*** Provided records Section Begins ***
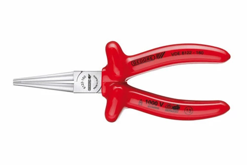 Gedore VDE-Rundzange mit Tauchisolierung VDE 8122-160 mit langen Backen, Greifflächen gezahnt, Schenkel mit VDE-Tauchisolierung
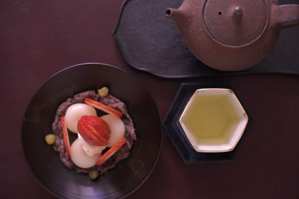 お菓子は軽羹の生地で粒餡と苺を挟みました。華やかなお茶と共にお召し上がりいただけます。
*** Provided records Section Ends ***
*** Provided records Section Begins ***
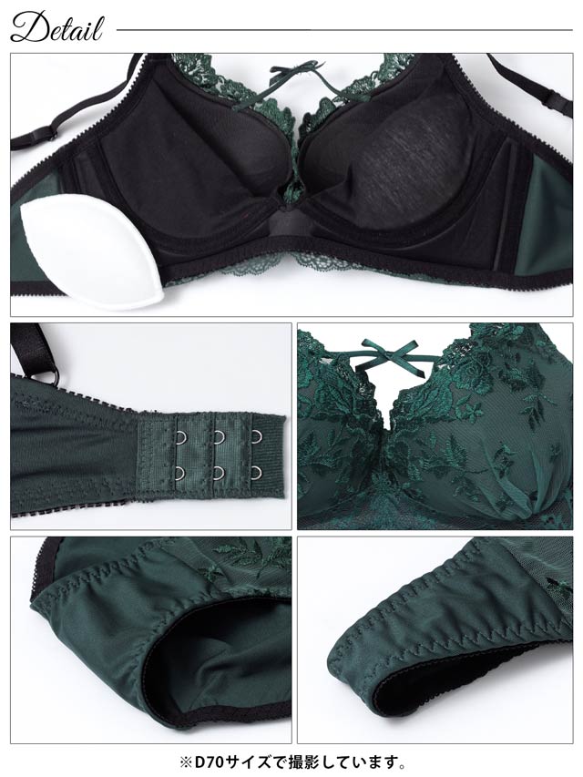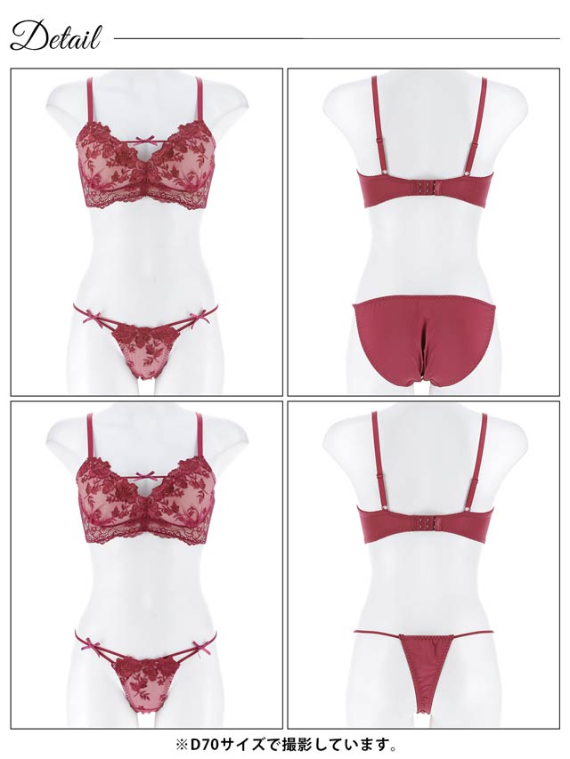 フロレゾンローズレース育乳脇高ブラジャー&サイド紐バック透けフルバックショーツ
*** Provided records Section Ends ***
• Work order: When you reach the line that has "Gedore VDE-Rundzange mit" in the data above, start repeating lines exactly, and stop after the line that has "お菓子は軽羹の生地で粒餡と苺"; pictures stay out.

• Answer section:
 Gedore VDE-Rundzange mit Tauchisolierung VDE 8122-160 mit langen Backen, Greifflächen gezahnt, Schenkel mit VDE-Tauchisolierung
 お菓子は軽羹の生地で粒餡と苺を挟みました。華やかなお茶と共にお召し上がりいただけます。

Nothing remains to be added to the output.